Listed records section start

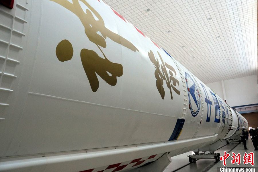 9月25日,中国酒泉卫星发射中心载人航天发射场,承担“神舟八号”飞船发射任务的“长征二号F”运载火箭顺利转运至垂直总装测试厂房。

Listed records section end
Listed records section start

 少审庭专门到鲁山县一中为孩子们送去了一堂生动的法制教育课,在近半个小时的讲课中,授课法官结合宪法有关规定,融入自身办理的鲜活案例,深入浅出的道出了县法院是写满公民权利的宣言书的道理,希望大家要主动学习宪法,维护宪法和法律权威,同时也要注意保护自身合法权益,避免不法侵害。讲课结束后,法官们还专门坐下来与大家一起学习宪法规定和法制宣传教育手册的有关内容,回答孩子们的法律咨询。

Listed records section end
Listed records section start

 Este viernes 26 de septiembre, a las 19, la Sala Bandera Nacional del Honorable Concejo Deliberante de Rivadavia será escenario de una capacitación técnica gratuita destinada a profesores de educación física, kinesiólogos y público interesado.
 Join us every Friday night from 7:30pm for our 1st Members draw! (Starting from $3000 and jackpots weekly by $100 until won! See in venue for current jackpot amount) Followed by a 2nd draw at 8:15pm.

Listed records section end

About this task
With the first line being the one containing "Este viernes 26" and the last line the one containing "Join us every", transcribe exactly the lines above that fall in that range.

Reply
 Este viernes 26 de septiembre, a las 19, la Sala Bandera Nacional del Honorable Concejo Deliberante de Rivadavia será escenario de una capacitación técnica gratuita destinada a profesores de educación física, kinesiólogos y público interesado.
 Join us every Friday night from 7:30pm for our 1st Members draw! (Starting from $3000 and jackpots weekly by $100 until won! See in venue for current jackpot amount) Followed by a 2nd draw at 8:15pm.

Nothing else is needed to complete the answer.